Di Ronga-Ronga inilah, akhirnya setelah mengalami proses perjalanan panjang Radio Rimba Raya bermukim, dan tanggal 20 Desember 1948 secara berkala mulai mengudara.

Mengutip detikSumut, situs resmi Pemerintah Kabupaten Bener Meriah, Radio Rimba Raya dibangun untuk menangkal fitnah yang digencarkan Belanda saat agresi militer ke-II pada 1948. Kala itu, penjajah membuat isu Indonesia bubar dan keberadaan Radio Republik Indonesia (RRI) telah diambil alih.

Ketika semua alat komunikasi dan lokasi pemancar dihancurkan dan dikuasai Belanda, Radio Rimba Raya berhasil bertahan dan menjadi radio darurat. Radio ini juga membantah propaganda yang disebar Belanda.

"Republik Indonesia masih ada, pemimpin republik masih ada. Tentara republik masih ada, pemerintah republik masih ada, wilayah republik masih ada dan di sini adalah Aceh." Demikian sepenggal siaran singkat Radio Rimba Raya.

Kala itu, Radio Rimba Raya mengudara dengan tiga bahasa, Urdu, Inggris dan Indonesia. Radio yang berlokasi di belantara hutan ini mengudara melalui saluran berkekuatan satu kilowatt pada frekwensi 19,25 dan 61 meter.

Siaran Radio Rimba Raya disebut dapat ditangkap jelas oleh sejumlah radio di Semenanjung Melayu (Malaysia), Singapura, Saigon (Vietnam), Manila (Filipina) bahkan Australia dan Eropa.

"Akhirnya, akibat berita yang disuarakan itu, banyak negara dunia dengan serta merta mengakui kemerdekaan Indonesia. Radio ini terus berperan sampai saat pengakuan kedaulatan Republik Indonesia oleh Pemerintahan Belanda pada 27 Desember 1949 di Jakarta sebagai hasil Konferensi Meja Bundar (KMB) di Den Haag.

Tgk. A. K Jakobi dalam buku 'Aceh Daerah Modal' menyebutkan, Radio Rimba Raya didirikan sebagai persiapan di bidang komunikasi massa untuk menunjang program perang gerilya rakyat dalam jangka panjang.
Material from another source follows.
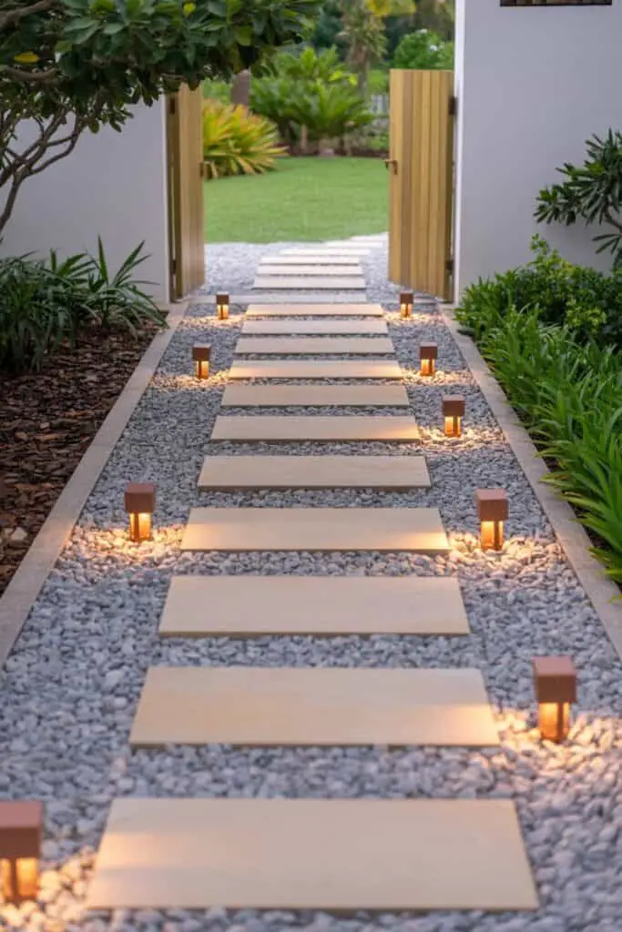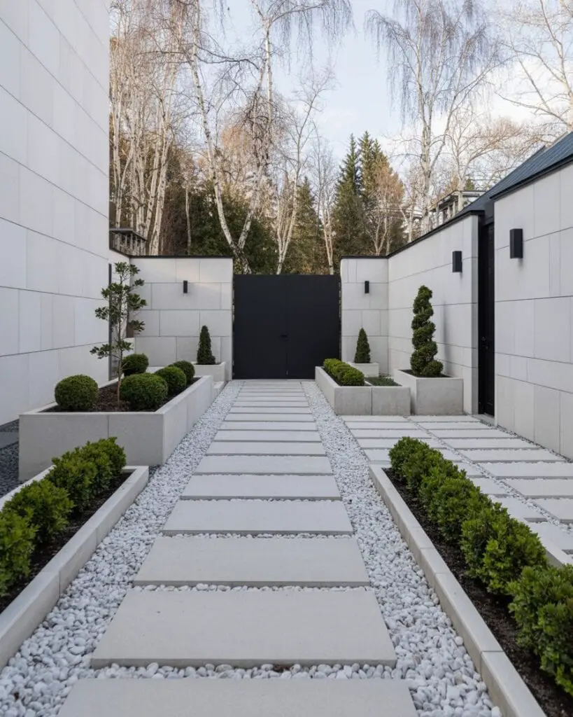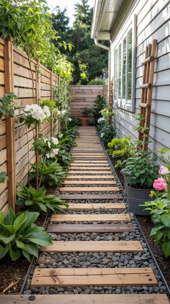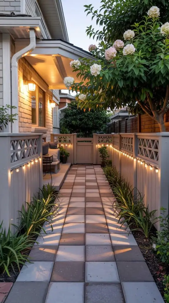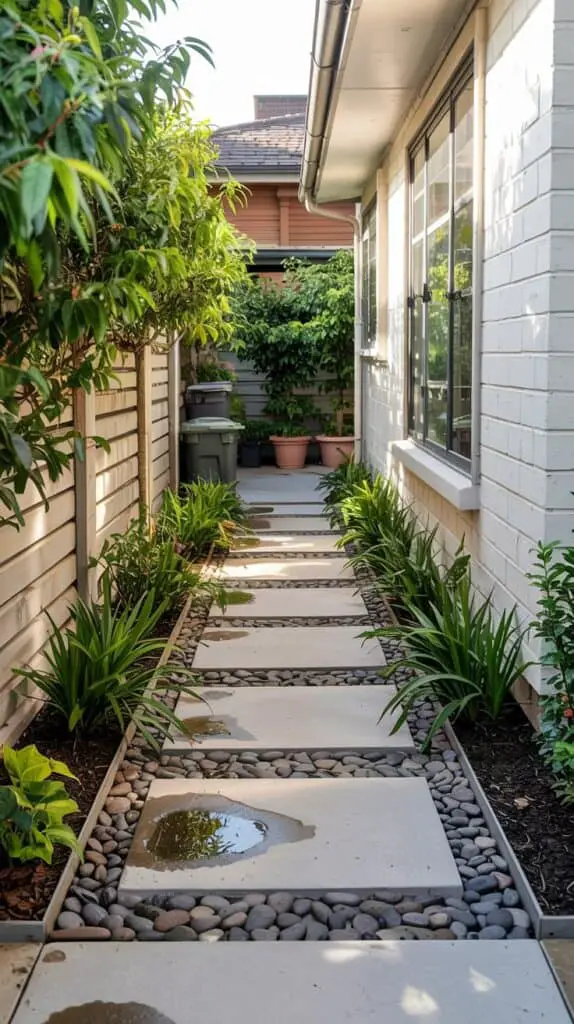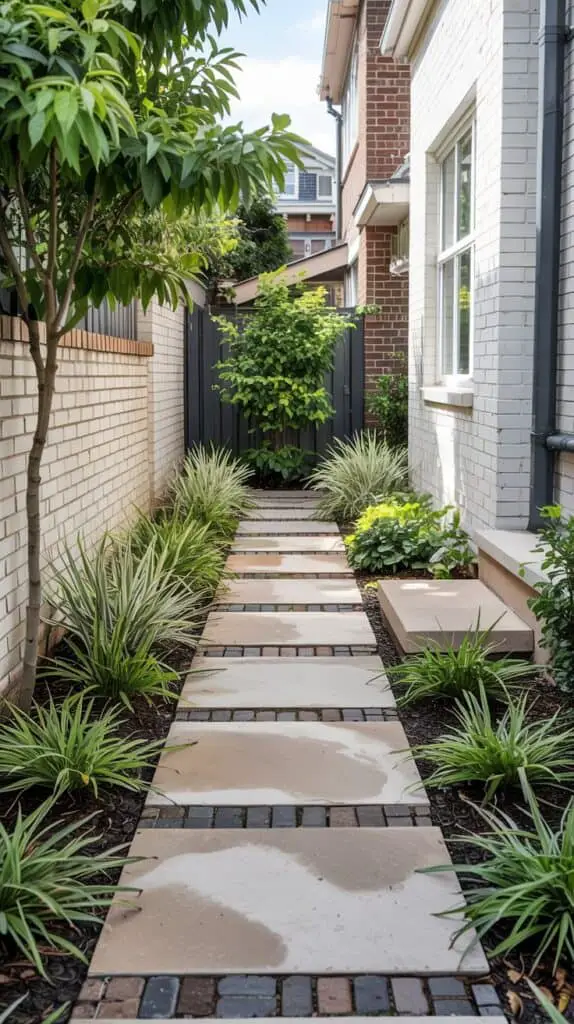 Right—this one’s a bit of a showstopper. If you’ve got a longer side yard or walkway that leads to a garden, seating area, or even just the back gate, consider making it a full experience. Use large modern pavers in a neutral tone (grey or tan always works), and line one or both sides with a low decorative fence or screen.

Keberadaan radio itu disebut untuk menghadapi kolonial Belanda yang kembali ingin menjajah.

"Menurut Bustanil Arifin, sebagai pelaku sejarah dalam Perang Kemerdekaan RI di daerah Aceh, ada sejumlah faktor yang mendorong pimpinan perjuangan saat itu, memandang urgensinya didirikan sebuah pemancar radio yang kuat dan mampu menjangkau pendengarnya seperti di Penang, Kuala Lumpur dan Singapura di Malaya. Sebab, kalau siaran sudah sampai di Malaya, itu berarti pesan-pesan itu telah menyebar ke seluruh dunia," tulis Jakobi.

Siaran Radio Rimba Raya awalnya dipancarkan dari Krueng Simpo, Bireuen untuk menangkal isu-isu yang disebar Belanda. 'Duel udara' Radio Rimba Raya dengan radio-radio milik Belanda di Medan, Batavia (kini Jakarta), radio Hilversium di Belanda disebut berlangsung seru.

Radio Rimba Raya kerap menamakan dirinya dengan 'Suara Indonesia Merdeka'. Debat diudara itu dipantau Kepala Perwakilan Rl di India,

Dr. Sudarsono lewat radio Penang di Malaya dan meneruskannya kepada Kepala Perwakilan Rl di PBB, L.N. Palar.

Karena alasan itulah, Belanda disebut memburu dan ingin menghancurkan pemancar Radio Rimba Raya. Akibatnya, keberadaan radio perjuangan itu kerap berpindah-pindah tempat.

"Dari desa Krueng Simpo, gubernur militer (GM) perintahkan ditarik ke pegunungan Cot Gue di Aceh Besar. Ternyata di sini pun pemancar ini tidak aman. Akhirnya diinstruksikan lagi oleh GM untuk diamankan di pegunungan Rimba Raya yang terkenal strategis dan hutan lebat yang sulit ditembus pesawat terbang Belanda," tulis Jakobi.

Pasca kemerdekaan, peninggalan perangkat milik Radio Rimba Raya disebut berada di Museum Tentara Nasional Indonesia Angkatan Darat Yogyakarta. Pada perangkat itu diberi keterangan, 'pemancar hasil selundupan dari Malaya, digunakan oleh Pemerintah RI di Sumatera/Aceh 1948' (*).